Abbreviations: BNP, B‐type natriuretic protein; DAPA, dapagliflozin; hsCRP, HDL, high density lipoprotein; high‐sensitivity C‐reactive protein; LDL, low density lipoprotein; MET, metformin; SAXA, saxagliptin; SBP, systolic blood pressure; SE, standard error; SI units, international system of units; SITA, sitagliptin.

Excluding data after rescue medication.

Number of patients discontinued owing to lack of glycaemic control or rescued for not achieving pre‐specified glycaemic targets.

Including data after rescue medication.

From baseline levels, systolic blood pressure decreased in the DAPA plus SAXA group and increased in the SITA group at Week 52 (adjusted mean ± SE change, −2.6 ± 0.9 vs +2.5 ± 1.0 mm Hg, respectively) (Table 2). The adjusted difference (95% CI) between treatment groups was −5.1 mm Hg (−7.7, −2.5).
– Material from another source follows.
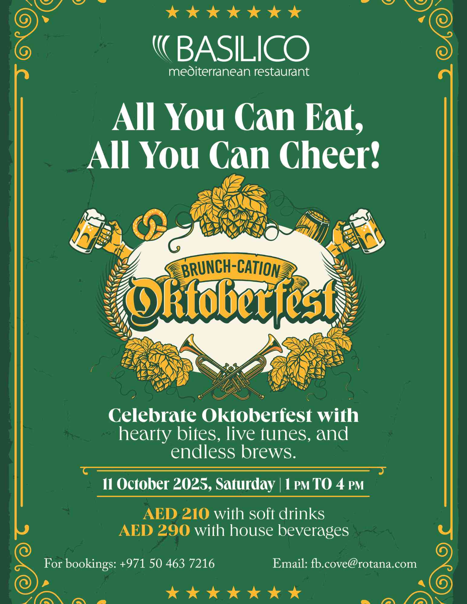From the first bite to the last sip, Basilico is going full throttle on Oktoberfest spirit. Think golden brews, hearty German-inspired eats, and music that makes you want to tap your feet even if you swear you “don’t dance.” This isn’t your average brunch—it’s basically a three-hour passport to Oktoberfest without needing a Schengen visa.

The changes from baseline in hsCRP, BNP and urinary glucose: creatinine ratio are included in Table 2. Patients in the DAPA plus SAXA group showed a greater change from baseline in urinary glucose: creatinine ratio than did those in the SITA group (adjusted mean ± SE change, 40.1 ± 2.3 vs −1.1 ± 2.4).

Adjusted mean changes from baseline in fasting serum lipids (total cholesterol, LDL‐cholesterol, HDL‐cholesterol, and triglycerides) were small and no clinically meaningful differences between treatment groups were observed, with all lipid values remaining in the normal to borderline ranges up to Week 52 (Table 2).

3.3. Safety

Triple therapy with DAPA plus SAXA add‐on to MET was generally well tolerated after 52 weeks of treatment; the incidence of AEs in patients receiving triple therapy was similar to that in patients receiving dual therapy with SITA add‐on (Table 3). AEs that were determined by the investigator to be related to the study drug were reported by 22 (9.5%) patients in the DAPA plus SAXA group and by 17 (7.4%) patients in the SITA group. Few patients discontinued the study because of AEs (DAPA plus SAXA, 1.7%; SITA, 4.4%) and none of these discontinuations was because of hypoglycaemia. The proportion of patients who experienced SAEs was low in both treatment groups (DAPA plus SAXA, 3.9%; SITA, 5.7%). Of the SAEs reported, none was considered by the investigator to be related to DAPA plus SAXA treatment, and only one SAE, drug hypersensitivity, was reported to be related to SITA treatment. The most common SAEs were pneumonia, endometriosis and osteoarthritis, which were reported for two patients each in the SITA group; no other SAEs were reported more than once in either treatment group.

Table 3.

Summary of adverse events over 52 weeks of treatment (safety set)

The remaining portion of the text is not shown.